*Given entries*:
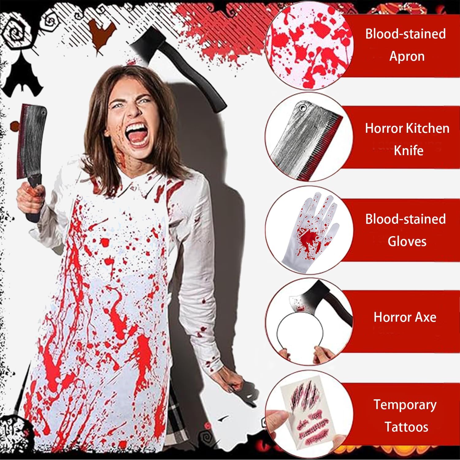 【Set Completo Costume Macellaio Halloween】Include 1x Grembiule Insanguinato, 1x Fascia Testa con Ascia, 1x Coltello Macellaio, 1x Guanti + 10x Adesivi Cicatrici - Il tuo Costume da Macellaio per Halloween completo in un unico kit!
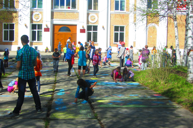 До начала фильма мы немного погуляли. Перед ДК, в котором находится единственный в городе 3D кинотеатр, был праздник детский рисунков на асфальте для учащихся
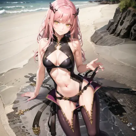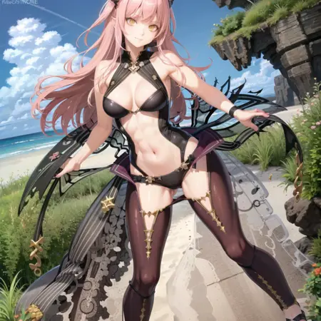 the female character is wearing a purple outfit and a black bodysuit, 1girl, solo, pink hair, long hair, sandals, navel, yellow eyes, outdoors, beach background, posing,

---

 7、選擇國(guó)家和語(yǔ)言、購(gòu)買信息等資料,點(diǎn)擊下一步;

*Exercise details*:
In the listing above, find the line containing "un unico kit!" and the line containing "the female character", then print exactly those two lines and every line between them, minus the pictures.

*Answer section*:
 【Set Completo Costume Macellaio Halloween】Include 1x Grembiule Insanguinato, 1x Fascia Testa con Ascia, 1x Coltello Macellaio, 1x Guanti + 10x Adesivi Cicatrici - Il tuo Costume da Macellaio per Halloween completo in un unico kit!
 До начала фильма мы немного погуляли. Перед ДК, в котором находится единственный в городе 3D кинотеатр, был праздник детский рисунков на асфальте для учащихся
 the female character is wearing a purple outfit and a black bodysuit, 1girl, solo, pink hair, long hair, sandals, navel, yellow eyes, outdoors, beach background, posing,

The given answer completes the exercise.